Though a violation need not have occurred to satisfy the rule’s stipulations, if you’re utilizing an ELD, documenting the violation as a piece of evidence, of course, will be no big problem when you’re forced to drive when you’re supposed to be off-duty (unless you’re trying to play the game of papering over it by utilizing personal conveyance or a yard move, or staying under 5 mph to get out of the yard — the yard moves special driving category would be allowable, according to prior conversations with DeLorenzo, if you’re just moving within a shipper’s facility and not on a public road, though it will put you on-duty/not driving rather than off-duty and may document a violation, too, depending on whether driving time or on-duty time is the limit you’re up against). Documenting the violation will of course open you up to potential roadside problems if inspected, as does any violation, but clear annotations within the log and a copy of your complaint to the DOT, should you make a complaint, might serve to explain the issue for most officers. (Emphasis on might, cross your fingers, etc. … yeah, I know, I know).

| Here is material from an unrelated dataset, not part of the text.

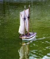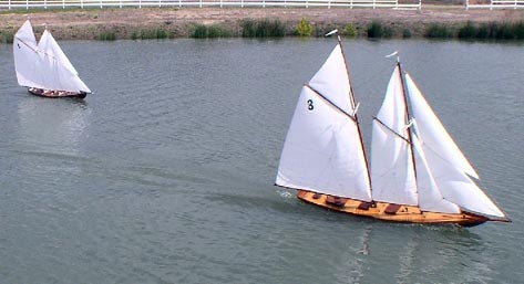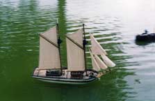 Two of Andrew Charters stunning schooner models stretch their sea legs on the waters of a South Carolina pond, Puritan in front, Bluenose behind.

Here’s the minimum of what FMCSA wants to know with any complaint:

  • Your name, address, and telephone number.
  • The name, address, and telephone number of the company. [In this case, the facility involved.]
  • Origin and destination of the shipment.
  • The Department of Transportation (DOT) and Motor Carrier (MC) identification numbers, if available. [Not applicable to shippers and receivers, but would be if a broker is the offending party.]
  • Specific violation(s) alleged. [Violation of the coercion prohibition in this case.]

Documentation of the coercive act, whether text messages and your replies, screenshots from within your logbook or whatever the case may be, are encouraged, of course. You can find further information about the Coercion Rule via this link, too, to FMCSA’s website, and reporting the complaint directly to the nearest state division office is also an avenue you can take for complaints, outside the FMCSA’s complaints database.

For owner-operators or drivers worried about damaging customer relationships by reporting them, my thought is that if the facility is clearly abusing its access to drivers’ time, it’s probably worth it. If it’s a facility you’re likely never to encounter again and it’s clear this is a serious problem for others at the facility, it could be worth it, too.

The point is, ultimately, if enough people engage FMCSA this way about real problems they’re having, it might be an effective way to put your tax dollars, and on-the-ground information, to work in enforcement in an area where it’s needed. Better yet, considering the long-ongoing hours/undue-detention dilemma, the shippers and receivers with the biggest problems might have a little more impetus toward getting their act together already.

Anyone here reported a facility lately, perhaps? Results?